Targeting telomerase and telomere maintenance mechanisms represents a promising therapeutic approach for various types of cancer [9]. In our recent work [10], we modified our HAC-based protocol [6, 7] to screen for and rank the efficacy of compounds specifically targeting telomeres and telomerase. The protocol is based on the use of two isogenic cell lines containing a circular HAC (lacking telomeres) and a linear HAC (containing telomeres) marked with the EGFP transgene. Compounds that target telomerase or telomeres should preferentially induce loss of the linear HAC but not of the circular HAC (Figure 1). We applied this novel dual-HAC assay to rank a set of known and newly developed compounds, including G-quadruplex (G4) ligands. Among the latter group, we found two compounds – Cu-ttpy and Pt-ttpy - that induce a high rate of linear HAC loss with no significant effect on circular HAC. Analysis of the mitotic phenotypes induced by these drugs revealed an elevated rate of chromatin bridges in late mitosis and cytokinesis as well as Ultrafine Bridges. Further cytological analysis showed that chromosome loss after Pt-ttpy or Cu-ttpy treatment correlated with the induction of telomere-associated DNA damage [10]. Identification and ranking of compounds that greatly increase chromosome mis-segregation rates as a result of telomere dysfunction may expedite the development of new therapeutic strategies for cancer treatment.

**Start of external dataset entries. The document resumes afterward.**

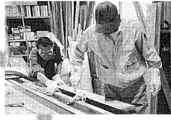
STAFF 技術が光る人材育成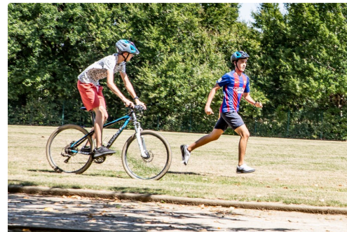
Course à 2 (à VTT et à pied avec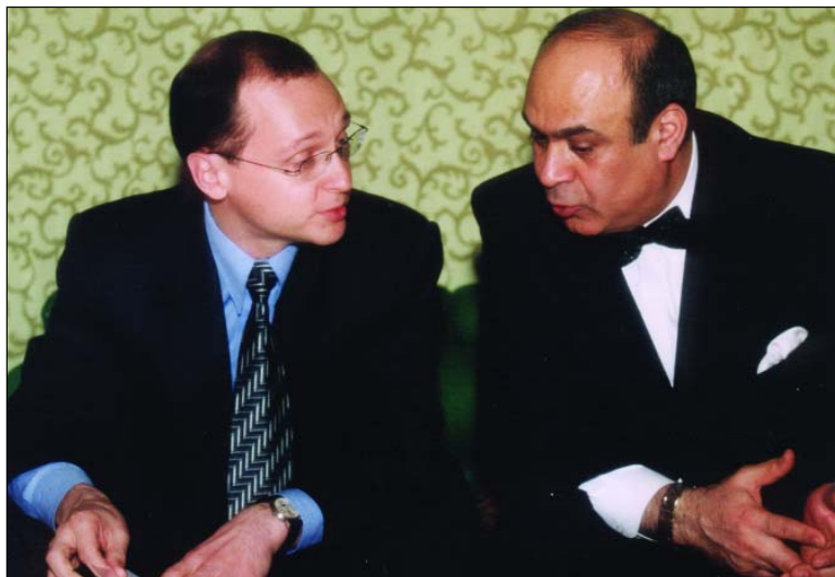
С Сергеем Владиленовичем Кириенко

комитетов. Она осуществляет общественный контроль за деятельностью правительства страны. Это необходимо делать! В любой демократической стране граждане должны знать, на что идут их налоги.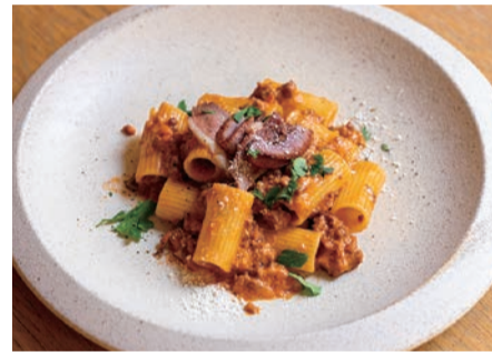
合鴨とボルチーニのラグー トマトクリームのリガトーニ

太い筒状のショートパスタ“リガトーニ” 味わい深い合鴨の煮込みをトマトクリームのソースで!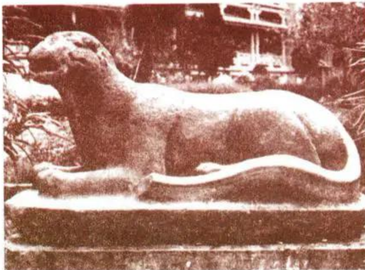
Hình 4. Hổ (Tượng đá - Lăng Trần Thủ Độ)

Tượng Hổ với kích thước gần như thật (dài 1m43, cao 0m75, rộng 0m64) có hình khối đơn giản, dứt khoát, cấu trúc chặt chẽ. Nghệ nhân xưa đã diễn tả được vẻ oai phong lẫm liệt của vị chúa sơn lâm, góp phần làm tăng thêm vẻ uy nghi của lăng Thái sư Trần Thủ Độ - một trong những người có công sáng lập nên vương triều Trần.

Scheme of an assay for detection of drugs specifically targeting telomerase or telomeres based on the use of linear versus circular HACs, both containing the EGFP transgene.

Figure 1: Scheme of an assay for detection of drugs specifically targeting telomerase or telomeres based on the use of linear versus circular HACs, both containing the EGFP transgene. Cells that inherit any of these HACs display green fluorescence, while cells that lack them do not. Both HACs are stable during cell division. So, the untreated cells and the cells containing a circular HAC display uniform green fluorescence while the cells containing a linear HAC after treatment of drugs that affect telomerase or telomers are highly variable in fluorescence. The actual number of cells with a EGFP-HAC can be measured by FACS as described [10]. Thus, the compounds that increase a linear HAC loss but has no effect on a circular HAC may be identified.

In perspective, a new assay based on a sensitized system to detect chromosome mis-segregation will allow developing straightforward, quantitative assessment of CIN under a variety of conditions. This assay may be employed to identify new compounds/drugs that specifically elevate chromosome mis-segregation and drive lethal aneuploidy. These drugs will lay the foundation for new treatment strategies for cancer.

CONFLICTS OF INTEREST

The authors declare no competing financial interests.